Apache Spark & Hive¶

Coming in Weeks 13-15

This module covers the concepts and techniques needed for Phase 3 of the semester project.

What You'll Learn¶

Why distributed computing? — What happens when your data outgrows a single database
Apache Spark — Distributed processing engine, 100x faster than MapReduce
Spark SQL — Write SQL that runs on distributed data
Apache Hive — SQL interface over distributed file systems
PySpark — Python API for Spark (connects to ML pipelines)
Databricks — Free cloud platform for Spark (Community Edition)

The Big Picture¶

Your Oracle DB                    The Hadoop Ecosystem
┌──────────────┐                  ┌──────────────────────────┐
│ Single server│                  │  Hundreds of machines    │
│ ~10K rows    │                  │  Billions of rows        │
│ Milliseconds │                  │                          │
│              │   Same SQL!      │  Spark SQL / HiveQL      │
│ SELECT ...   │ ─────────────►   │  SELECT ...              │
│ GROUP BY ... │                  │  GROUP BY ...             │
│              │                  │                          │
│ Oracle engine│                  │  Spark/Hive engine       │
│ (1 machine)  │                  │  (distributed cluster)   │
└──────────────┘                  └──────────────────────────┘

Key Concepts¶

Same Query, Three Ways¶

Oracle PL/SQL:

SELECT department_name, SUM(total_cost) as revenue
FROM fact_appointments f
JOIN dim_department d ON f.department_key = d.department_key
GROUP BY department_name
ORDER BY revenue DESC;

Spark SQL (on Databricks):

-- Looks identical!

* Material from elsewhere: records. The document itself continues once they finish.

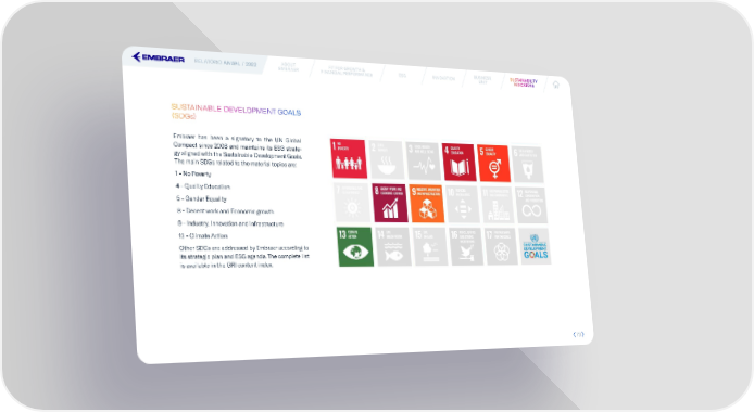 RELATÓRIO ANUAL / 2022 ABOUT FIT FOR GROWTH & ESG INNOVATION BUSINESS SUSUSSTTAINABILAINABILITITYY EMBRAER FINANCIAL PERFORMANCE UNIT INDICINDICAATTORORS S SUSTAINABLE DEVELOPMENT GOALS (SDGs) Embraer has been a signatory to the UN Global Compact since 2008 and maintains its ESG strate- gy aligned with the Sustainable Development Goals. The main SDGs related to the material topics are: 1 - No Poverty 4 - Quality Education 5 - Gender Equality 8 - Decent work and Economic growth 9 - Industry, Innovation and Infrastructure 13 - Climate Action Other SDGs are addressed by Embraer according to its strategic plan and ESG agenda. The complete list is available in the GRI content index. 73
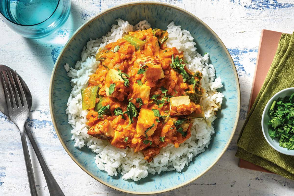 In a large saucepan, heat a drizzle of olive oil over a medium-high heat. Cook the onion and carrot until softened, 4-5 minutes. Add the ginger and mild North Indian spice blend. Cook, stirring, until fragrant, 1 minute. Add the water (for the dhal), coconut cream, tomato paste and the vegetable stock powder. Stir to combine.
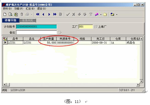 注意了,此時(shí)錯(cuò)誤出現(xiàn)了,理論上NO.1已經(jīng)產(chǎn)生過生產(chǎn)訂單了,不應(yīng)該再產(chǎn)生了,但實(shí)際上易飛會(huì)再次產(chǎn)生50個(gè)計(jì)劃訂單(圖:11)。
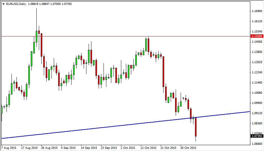 The uptrend line has been broken, and that of course is very bearish. The bottom of the hammer being broken from Thursday of course is very bearish as well. Also, we have the 1.08 level which should have been supportive and instead only got sliced through. Because of this, it’s only a matter of time before the selling pressure overwhelms the market and we go to the next significant supportive level which I see as the 1.08 handle. I also believe that selling rallies from time to time might be the way to go as well, as long as we get some type of exhaustive candle above. The bottom of the uptrend line should be resistive as well, so having said that it’s very likely that the sellers will continue to push this in market around. Ultimately, I believe that there are far too many bearish indicators right now to consider buying this particular market. Downward we go.
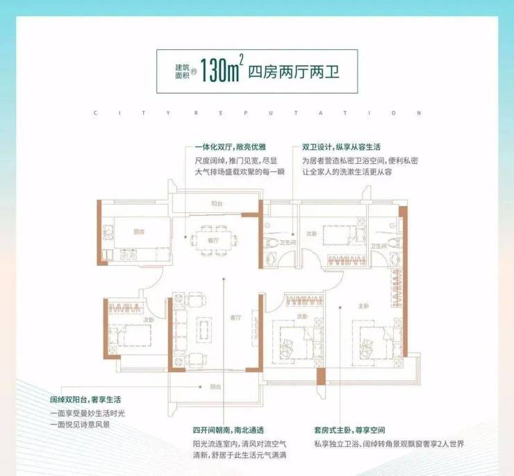 130㎡的4房2厅2卫,设计的是竖厅南北通透格局,客厅4.1米开间,一体化双厅双阳台,四开间朝南,主卧270°转角飘窗大套间设计,U型厨房,卫生间干湿分离,得房率:78.43%(不含赠送),阳台主朝东南向。
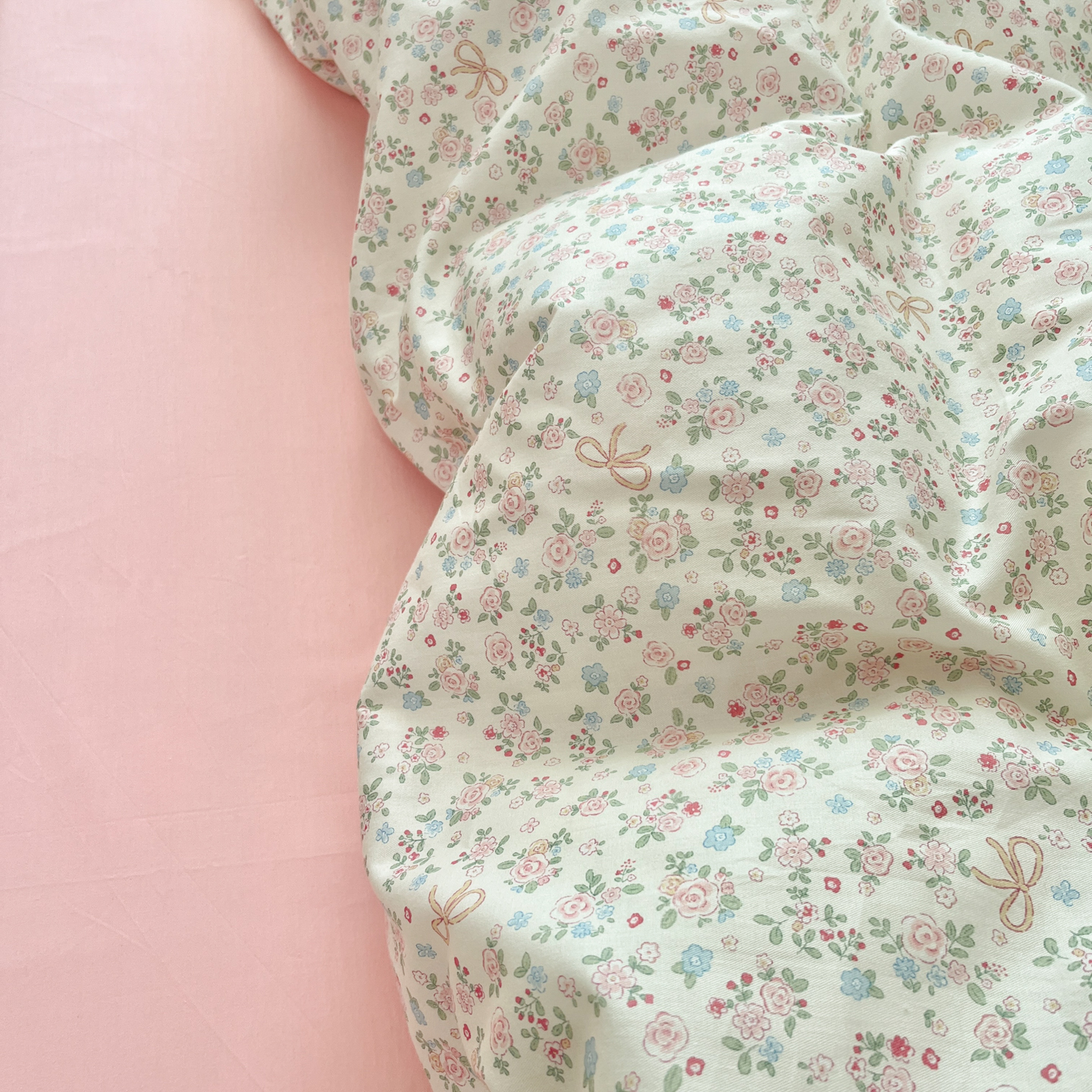 花海 2025年第一批小清新碎花全棉纯棉四件套40支13372ins博主风学生宿舍印花AA版纯色床单 樱蔓绿,樱蔓绿
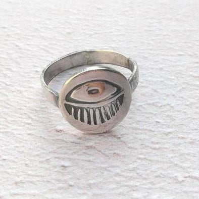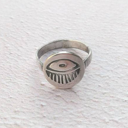 The band measures 3mm wide with the handstamped disc measuring 12mm in diameter.
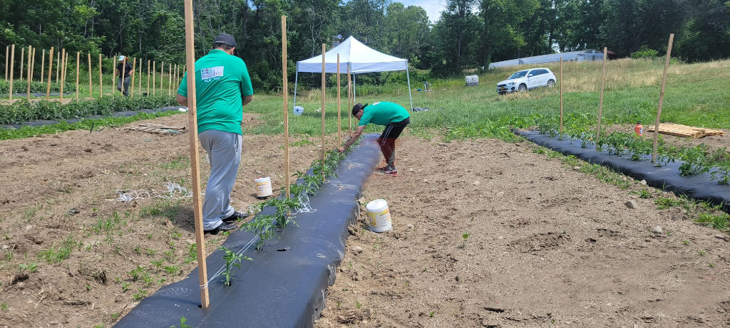 On Monday, volunteers from Masbia worked on the tomato crop, of which farmers will likely start to deliver 2,000 pounds a week to Boro Park, starting in late July until the weather turns cold, the farm’s founder Yisroel Bass told BoroPark24.
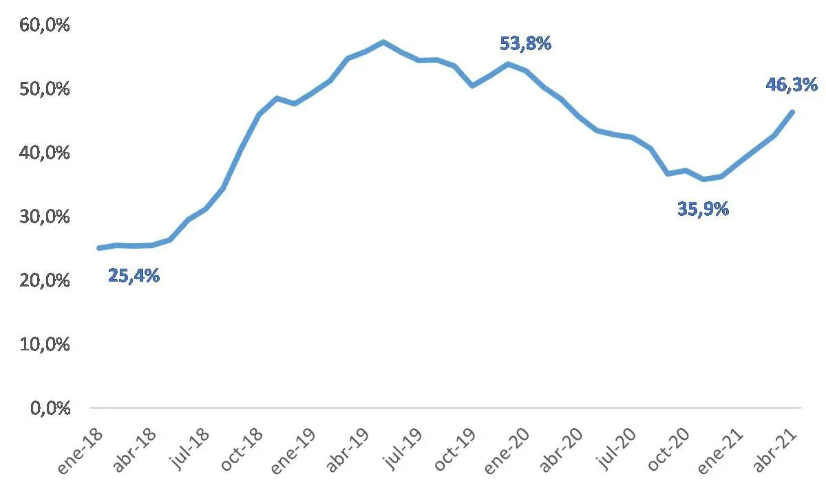 A pesar del aumento inflacionario, el aspecto positivo es que los salarios en su mayoría le ganaron a la inflación. Según el Índice de Salarios (IS) que publica el INDEC, el primer trimestre cerró con una mejora real del 1,3% para las remuneraciones del sector público y del 0,7% para las del sector privado registrado, mientras que las del sector informal se redujeron 2,7%. No obstante, la comparación anual muestra que en todos los casos siguen muy por debajo de los niveles del año pasado: los privados perdieron 7,8%, los públicos 7,6% y los del sector informal 3,7%. Es importante destacar que en los primeros meses del 2020 se habían otorgado aumentos de suma fija, elevando la base de comparación de los ingresos privados.
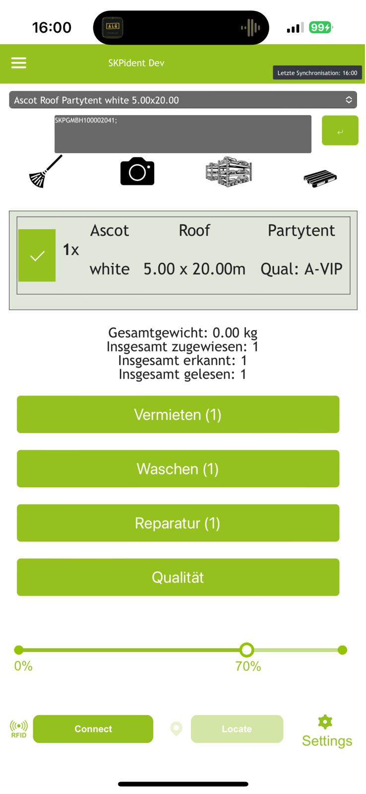 RFID Warehouse management & inventory tracking solution. Track tents, covers, linens, tables, chairs, cups & more in seconds thanks to touchless RFID detection. SKPident guarantees highest efficency and reliability.
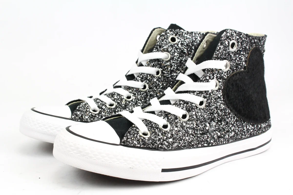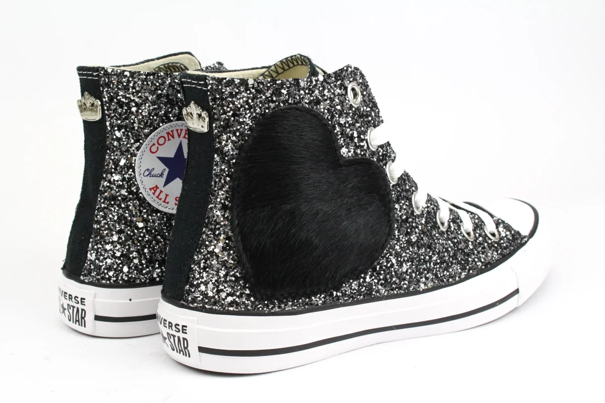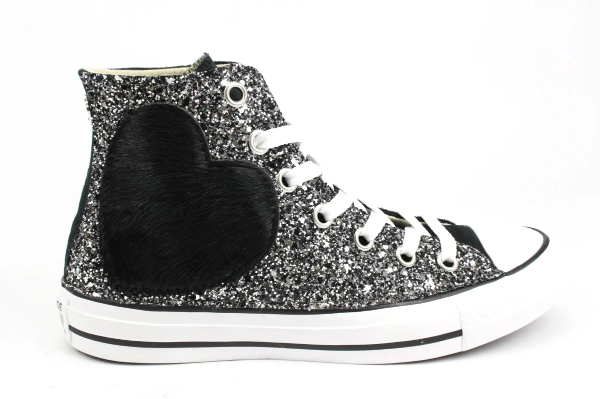 Converse All Star Black Cuore Cavallino Nero & Glitter
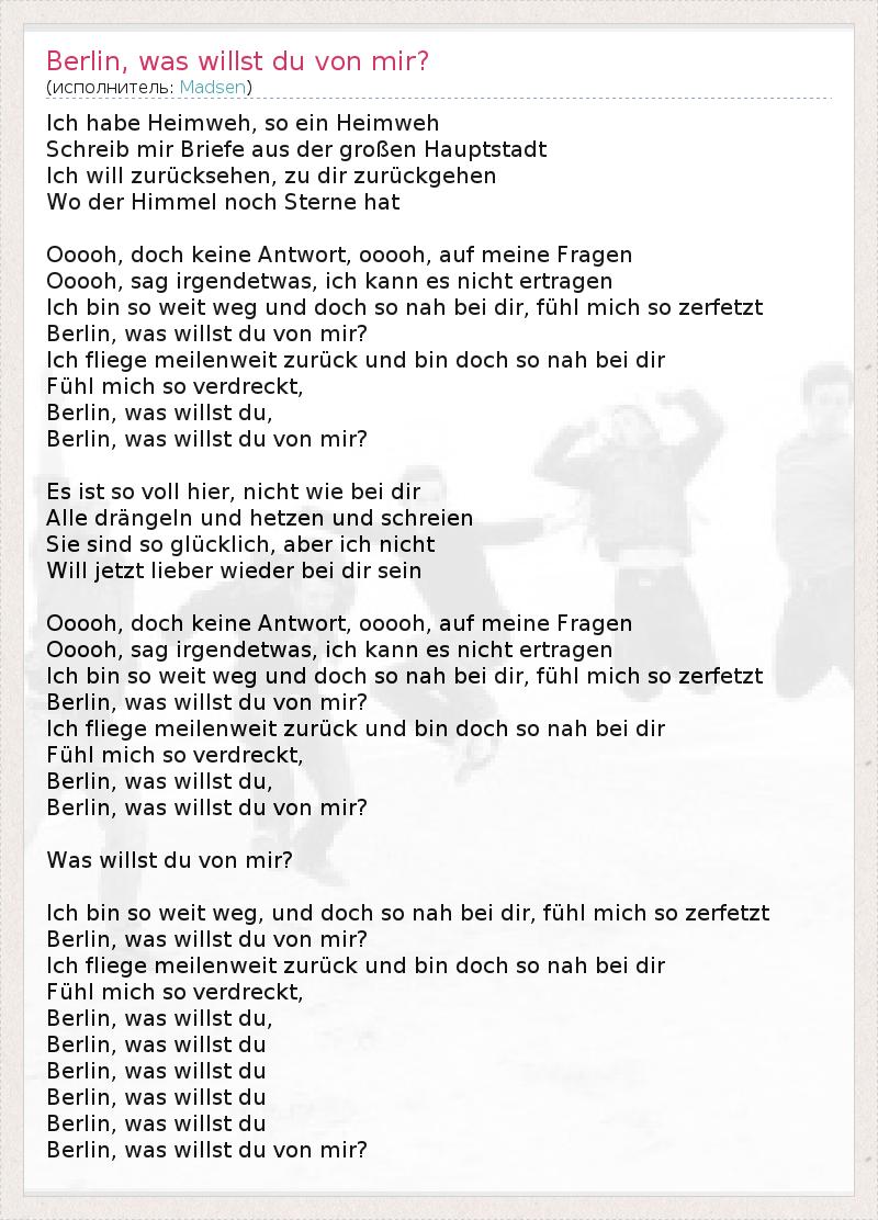 А как ты думаешь, о чем песня "Berlin, was willst du von mir?" ?
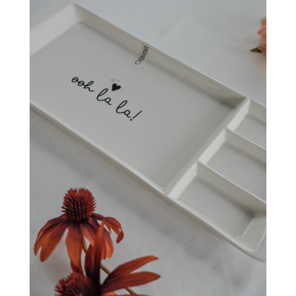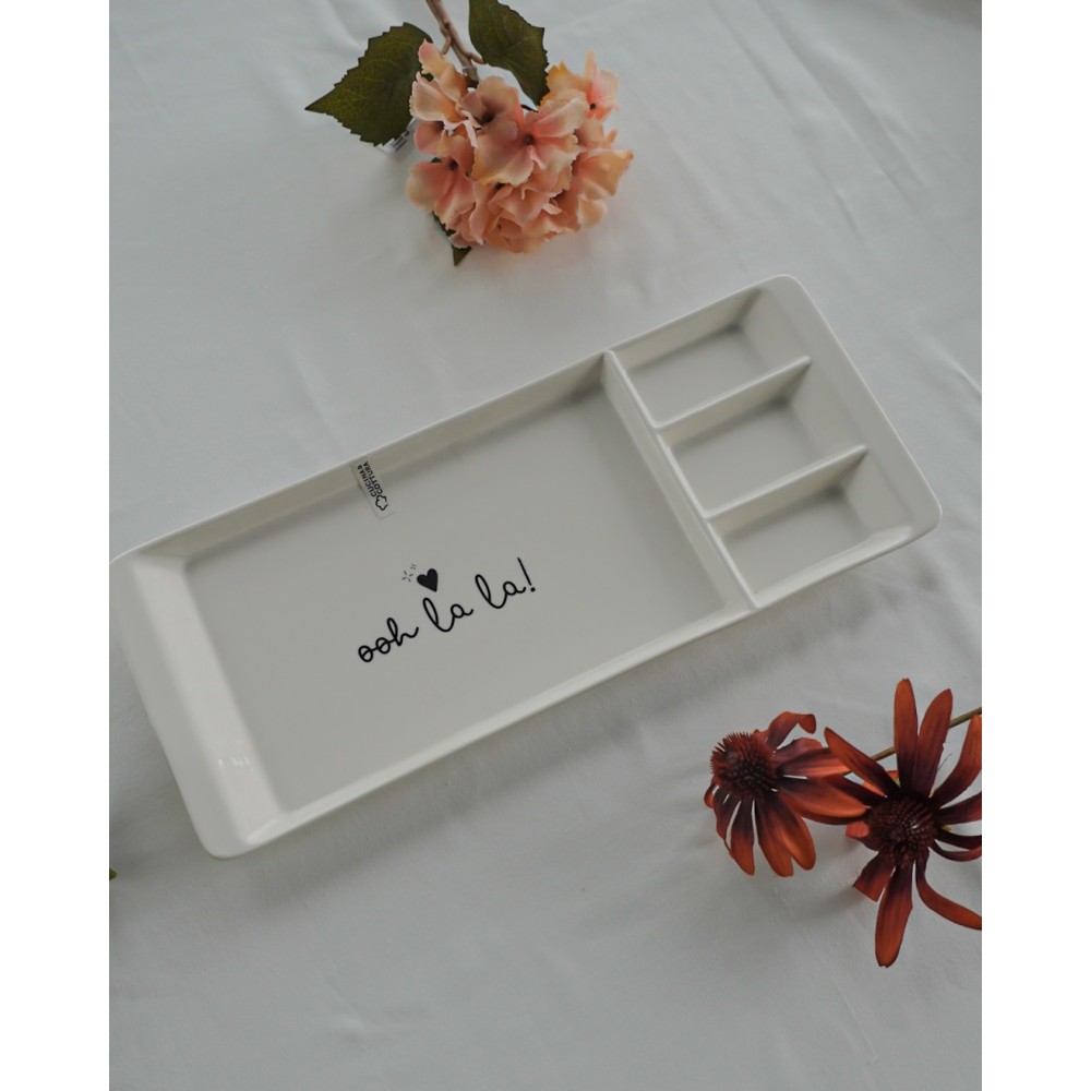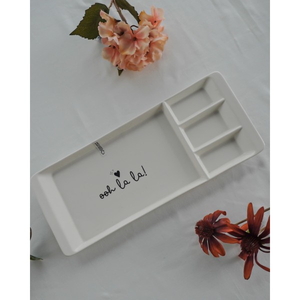 Piatto Vassoio Rettangolare con Quattro Scomparti Con Frase Bianco In Ceramica AD
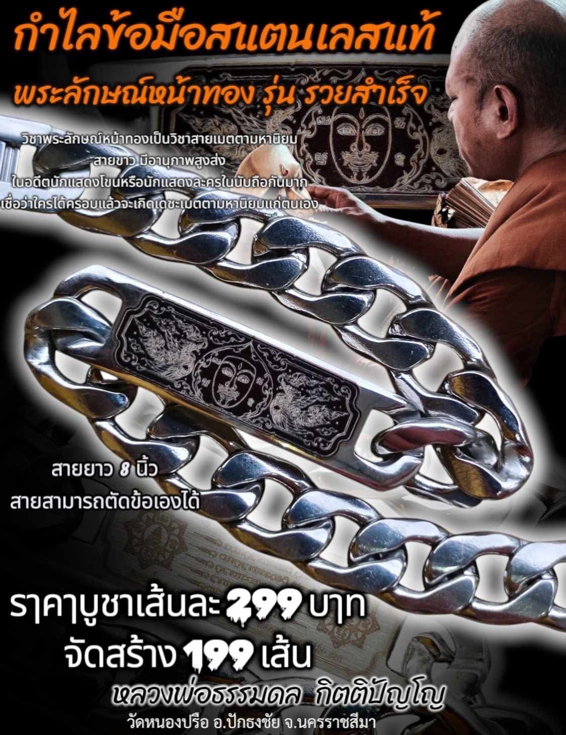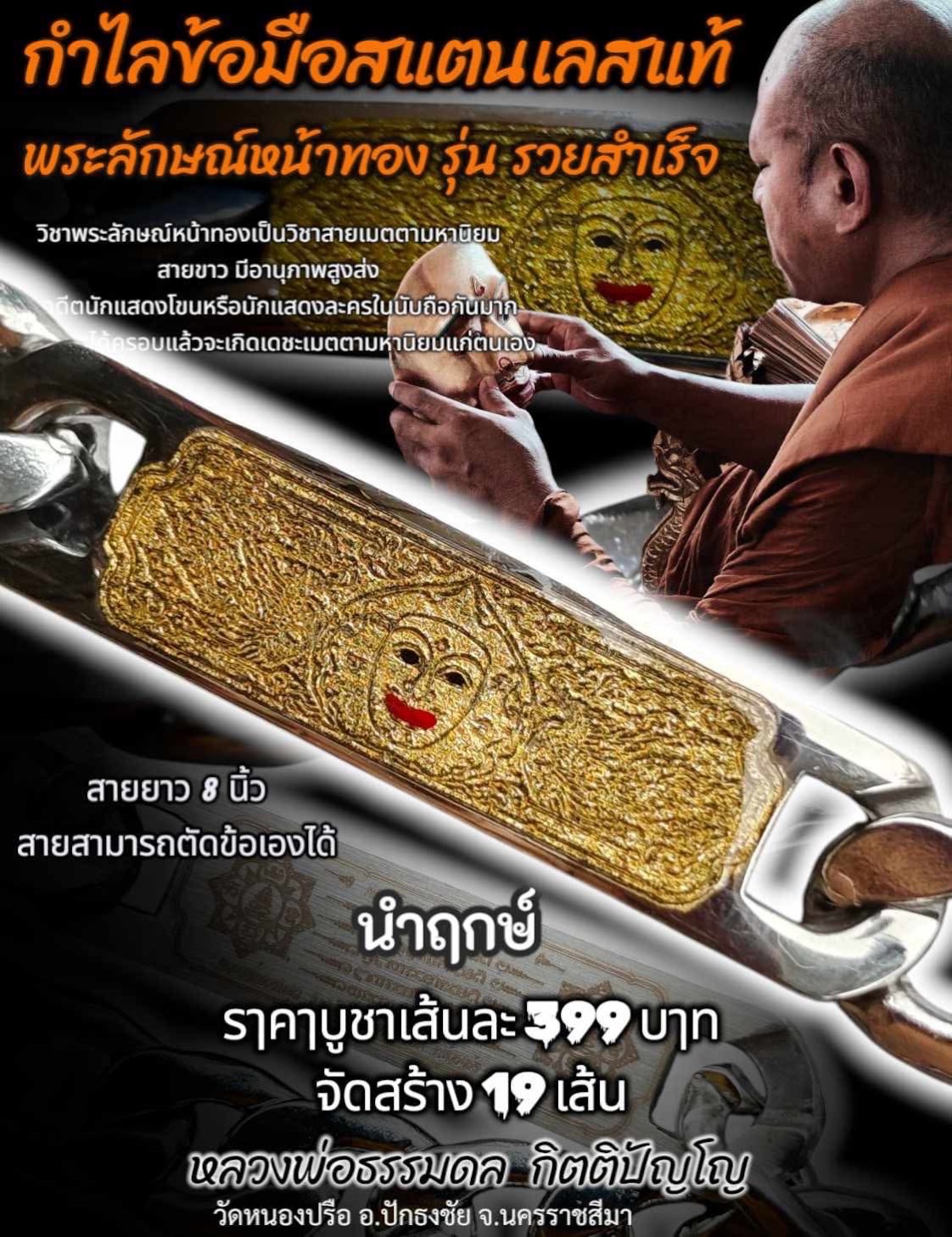 กำไลข้อมือสแตนเลสแท้ พระลักษณ์หน้าทอง รุ่น รวยสำเส็จ ผ่านการปลุกเสกโดย หลวงพ่อธรรมดล กิตติปัญโญ พระเกจิสายเข้มแห่งปักธงชัย ผู้มากด้วยญาณวิถี วิชาพระลักษณ์หน้าทองเป็นวิชาสายเมตตามหานิยม สายขาว มีอานุภาพสูงส่ง ในอดีตนักแสดงโขนหรือนักแสดงละครในนับถือกันมาก เชื่อว่าใครได้ครอบแล้วจะเกิดเดชะเมตตามหานิยม 1.รายการพิเศษ – นำฤกษ์ กำไลข้อมือ ลงสีทอง บูชาเส้นละ 399 บาท จัดสร้างเพียง 19 เส้น 2.กำไลข้อมือ ดำ บูชาเส้นละ 299 บาท จัดสร้าง 199 เส้น ขนาดสายยาว 8 นิ้ว สายสามารถตัดเองได้
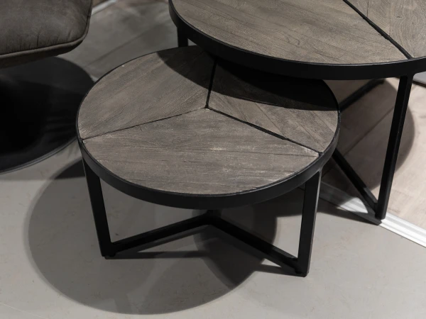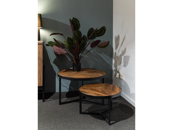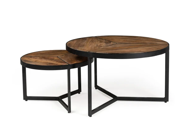 Deze set van 2 moderne bijzettafeltjes hebben een ingewerkt houten tafelblad en een zwart metalen frame. Hierdoor passen ze zo goed als in elke interieurstijl! Deze set tafeltjes kunnen dienen als bijzettafels voor bijvoorbeeld naast je zetel, maar kunnen ook perfect dienen als salontafels. Deze set tafeltjes zijn beschikbaar in twee afwerkingskleuren. Kies jouw favoriete stijl!
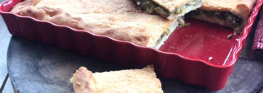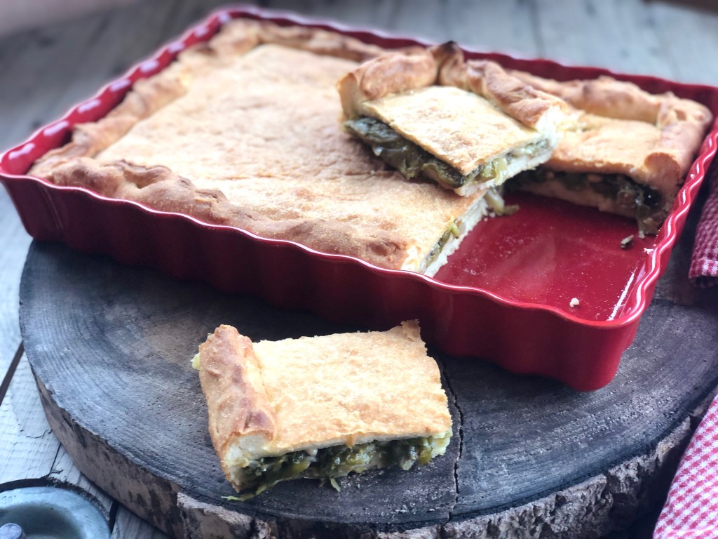 Riprendere l’impasto, dividerlo in due, stenderla formando due rettangoli, uno leggermente più grande e uno leggermente più piccolo, oliare la teglia e foderarla facendo sbordare l’impasto ai lati, versarvi il ripieno, chiudere con il secondo rettangolo sigillando bene i bordi.

But runs on a distributed cluster
SELECT department_name, SUM(total_cost) as revenue
FROM fact_appointments f
JOIN dim_department d ON f.department_key = d.department_key
GROUP BY department_name
ORDER BY revenue DESC;

PySpark (Python API):

from pyspark.sql import functions as F

(fact_df
    .join(dept_df, "department_key")
    .groupBy("department_name")
    .agg(F.sum("total_cost").alias("revenue"))
    .orderBy(F.desc("revenue"))
    .show())

Why Spark Over Oracle at Scale?¶

Aspect	Oracle (Single Node)	Spark (Distributed)
Data size	GBs	PBs (petabytes)
Processing	1 machine	Hundreds of machines in parallel
Speed	Fast for small data	Fast for massive data (in-memory)
Cost	Expensive licenses	Open source, pay for compute only
Use case	OLTP + small OLAP	Big data analytics, ML pipelines

Databricks Setup (Free)¶

Sign up at community.cloud.databricks.com
Create a notebook (Python + SQL)
Upload CSV files from your Oracle star schema
Create Hive tables:

CREATE TABLE fact_appointments
USING CSV
OPTIONS (path '/FileStore/tables/fact_appointments.csv', 
         header 'true', inferSchema 'true');

Query with SparkSQL — same syntax as Oracle!

Career Connection¶

These skills are in demand

Netflix ($466K-$750K), Spotify, Uber, Airbnb — all list Spark and Hive as required or preferred skills for ML and data engineering roles. Learning them now puts you ahead.

Resources¶

Detailed content, hands-on tutorials, and Databricks walkthrough will be added as we cover this material in class.